To My Father……



Dad.  Father.  Pop.  The Old Man.  Daddy.

The names we call the first man in our lives.  The man who is afraid to hold us because we might break and then is amazed when we grow up and cause all sorts of trouble.

My dad was always there for us girls, ‘his girls’ and he called us.  He worked and supported us financially and emotionally, mentally and physically.

He carried us on his shoulders, held us in his arms; He laughed with us, cried with us, and shared himself with us.

I was his oldest girl of 4 girls…no boys.  I was the one that was called on to help with the plumbing, the painting, the carpentry work, the handy man jobs, and all those things a son would have been assumed to help with.  And then we wondered why I went into Technical Theatre–putting all of those skills to use.

My first bike was a bike that was passed down in the family that he and I tore apart, repainted blue and silver and then re-assembled.  We built my first private bedroom together in the basement–that’s when I learned about doing electrical work, hanging drywall, and other fun carpentry jobs.

He was the driver on vacations and the chauffeur when we needed rides to friends.  He was there for report cards and first days of school.  He was there when we were sick and injured.  He was there with his camera, his flip top sunshades, black socks with converse tennis shoes and fishing hat as the epitome of a tourist.  He was there with handkerchiefs and strong shoulders for scrapes and bruises.

He was there for first jobs, first dates, first steps and first words.  He was there standing tall and proud as we became young women.  He was there when we graduated 8th grade, high school and college.

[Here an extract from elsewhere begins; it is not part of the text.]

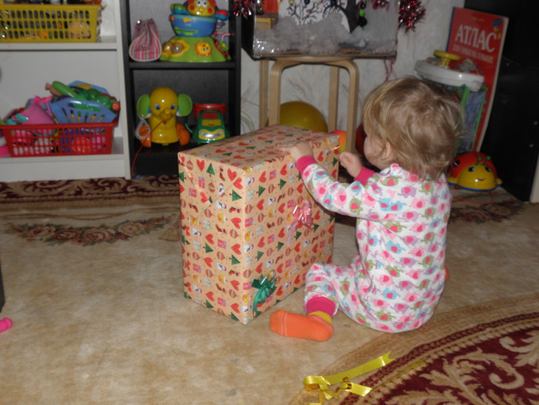 Новый год мы встречали вдвоем с мужем, Катя спала после всех новогодних приключений и не один салют ее не побеспокоил. Проснувшись утром Катя прям в пижаме принялась разворачивать свой подарок)

He got up early so that he could make the coffee, make our lunches, and get ready for the day before waking up mom and us kids for school.  He even took special orders!

He did the laundry and mowed the lawn.  He did most of the housework (mom was allergic to the soap and cleansers—and he didn’t like her going up and down the stairs with her heart problems).  And yes….he taught us how to do all of that too.

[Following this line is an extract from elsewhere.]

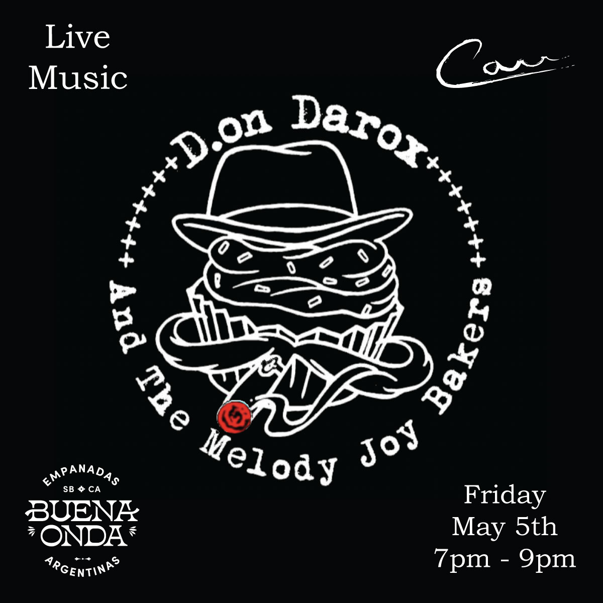 Another great night of live music is lined up for Friday, May 5th in the barrel room! Joining us will be Don Darox & The Melody Joy Bakers. They specialize in Dirty Gypsy Blues with a taste of New Orleans. First Fridays of the month are a favorite here at Carr, come ready to celebrate with a nice glass of our Carr premium wine, live music, and empanadas from Buena Onda in the barrel room. Music begins from 7:00 PM – 9:00 PM, invite your friends, celebrate the end of a great week, and Cinco de Mayo with us in the barrel room!

He took us to playgrounds and amusement parks, tourist attractions and historical sites.  He loved for us all to sing on trips, though he couldn’t carry a tune in a bucket—-but he sang and laughed with us for hours as he drove.

He taught me to read a map and encouraged me to figure out directions and alternate routes.  He took me for my driving test and then told me ‘to get lost’ so that I wouldn’t panic if I ever got truly lost. (Good advice!  It worked!)

He and I would have late night discussions about history, and politics, and religion, and life.  He explained the world as he saw it and pushed us to look at various sides.

But most of all….he was there.  Through the thick and the thin, he was there.

Until he wasn’t, having succumbed to death’s call.  But he lives on in “his girls'” minds.  His love and guidance virtues that we seek in our life partners.

Dad—we miss you and love you.  You are thought of and missed immensely.  Thank you for being mine 🙂  Happy Father’s Day!